# How do you get them to play on their own?



## born36 (Jun 28, 2011)

Hello 

My little Mac is doing great. Sleeping in his crate through the night and then 1 hour of play and two hour nap cycle throughout the day. 

I find though that sometimes his 1 hour play session doesn't match my free time and wondering if there is a way to get him to play independently while in the kitchen. Anytime I leave him to play he cries for a bit and then will do a pee or get destructive. He is 9 1/2 weeks old. He plays with his toys as long as someone is holding them or throwing them but once we stop he cries and is completely unable to play by himself. Any ideas on how to get him to play on his own?


----------



## gunnr (Aug 14, 2009)

He'll start playing on his own naturally, but he's way too young to expect it just yet.
You have become the center of his world, and he's emotionally dependent on you at this stage of his life.
You have about 6 weeks to accomplish 75%+ of his foundation that will effect him for the rest of his life. Maximize this time. He's a little data chip waiting to be programmed.


----------



## datacan (May 15, 2011)

Perhaps it may be helpful to set his play schedule around his potty times instead of letting him choose play/nap times. 

We kept our dogs in wire a wire crate and allowed them out 
every 45 minutes to go potty followed by a brief interactive play time and back to the crate where they had 3-4 chew toys. I like Kong toys stuffed with veggies/apple/kibble/cheese.

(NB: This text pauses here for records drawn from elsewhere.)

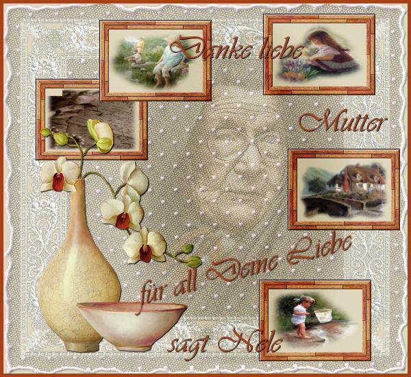 15. Legt eine neue Rasterebene an - Auswahl - Alles auswählen. Füllt diese Auswahl mit Eurer Hintergrundfarbe. Auswahl - Ändern - Verkleinern - um 5 Pixel und drückt einmal die Entf-Taste auf Eurer Tastatur. Hebt die Auswahl auf. 16. Beschriftet Euer Bild nun noch und vergesst nicht Euren Namenszug oder Wasserzeichen. 17. Ebenen - Einbinden - Alle zusammenfassen. Speichert Euer Bild als jpg-Datei ab und fertig ist Euer MUTTERTAGSGRUSS! Ich hoffe, es hat Euch Spaß gemacht dieses Tutorial nachzubasteln und Ihr schaut bald wieder auf meiner Seite vorbei.
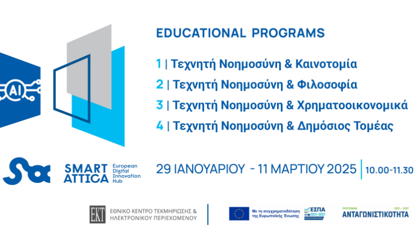 Διαδικτυακά εκπαιδευτικά προγράμματα από το ΕΚΤ για την Τεχνητή Νοημοσύνη και τις εφαρμογές της 21 Ιανουαρίου, 202529 Ιανουαρίου έως 11 Μαρτίου 2025, διαδικτυακά Το Εθνικό Κέντρο Τεκμηρίωσης & Ηλεκτρονικού Περιεχομένου (ΕΚΤ), με τον ρόλο του ως μέλος του Ευρωπαϊκού Κόμβου Ψηφιακής Καινοτομίας Smart Attica EDIH, εγκαινιάζει…Read More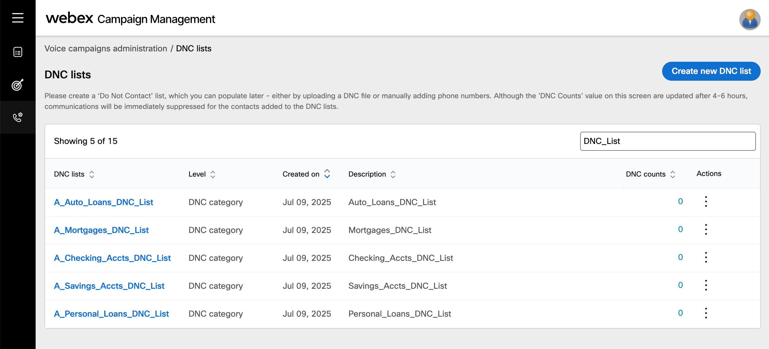 Webex Campaign Management allows you create and manage multiple DNC (Do Not Contact) lists. The contacts in DNC lists will be excluded from Target Groups before deploying a campaign. Most commonly, this is used to manage contacts who have registered for DNC with telecom operators. You can add a single or a group of mobile numbers to a DNC list.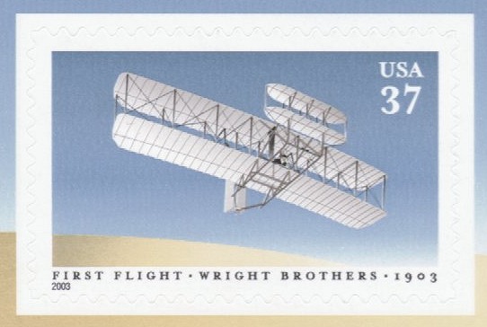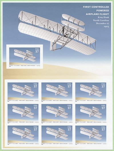 Official Announcement | The Postal Service will issue a 37-cent First Flight commemorative stamp (Item 563900) in a pressure-sensitive adhesive (PSA) souvenir sheet of 10 stamps on May 22, 2003, in Dayton, Ohio, and Kill Devil Hills, near Kitty Hawk, North Carolina. The stamp, designed and illustrated by McRay Magleby, goes on sale nationwide May 23, 2003. This $3.70 souvenir sheet may not be split and the stamps may not be sold individually. The souvenir sheet commemorates the 100th anniversary of the first controlled, powered, and sustained flight in a heavier-than-air flying machine. At Kill Devil Hills on December 17, 1903, Wilbur and Orville Wright successfully tested a flyer with a four-cylinder engine. During the first flight, the craft was airborne only for an estimated 12 seconds and traveled only 120 feet, but three even more successful flights followed later that day, the remarkable prelude to a century that would see the world forever changed by air travel. |

This way we managed our business and Sam our V.


----------



## Linescreamer (Sep 28, 2010)

He should be crated when he can't be closely watched. I hope he is not peeing in the house. If so, read all you can on crate training. A pup his age does require allot of attention and it's the time you can use to bond with him.


----------



## hollyandnick (Apr 28, 2011)

It takes time. Lucy is now 14 weeks and playing on her own. Though, there are times she wants us to play and lets us know. She started this a couple of weeks ago. The first few weeks were constant attention and playing. Certain toys are now becoming more interesting to her, like her kongs.....thank goodness! Things that make noise keep her attention longer and uses lots of energy


----------



## AlbaF (Feb 22, 2011)

If you have short time slots to play then try mental games that will help tire him out. I found doing my V's basic training at this stage, incorporating sitting, waiting, fetching with the play worked well. Good luck


----------



## sarahaf (Aug 17, 2009)

I have to say, Rosie (now 2 years old) has never wanted to play on her own much. She's uber-velcro. Her idea of play is to bring us a toy for a game of chase or fetch. Maybe there's something we could have done to encourage more independent play, not sure.


----------



## msula95 (Jun 8, 2011)

It's easy, but pricey.

Get two children, two other dogs, three cats, 77 acres and a dog door.


----------



## barretts87 (Apr 24, 2011)

We really lucked out with our V Abby. She is almost 5 months old and has learned to play by herself since day one. We play with her every day, but she seems to really enjoy running around the apartment with her toys in her mouth just prancing. She has one toy that is a monkey fist ball on one end with a 1.5 ft rope on the other side and she loves to carry the rope in her mouth run and prance around while simultaneously hitting herself on the head with the swinging ball. Its soooo funny to watch.
We also encourage to her to play find and seek, to keep her busy when we are trying to cook dinner or such. She is getting better at it with some time.


----------



## born36 (Jun 28, 2011)

Thanks all for the advice. A bit of an update on this one and it is good. Mac like all Vs wants us to play with him all the time but recently he is getting better about laying down and having a chew on a bully stick or raw hide which is fine while in the same room as us so I can make sure he is safe on them. Also he now loves when I cook dinner. Sits on his blanket and just watches me with that great head tilt that they do when thinking. He is becoming more independant but still loves to be as close as possible. That is what makes Vs so great!


----------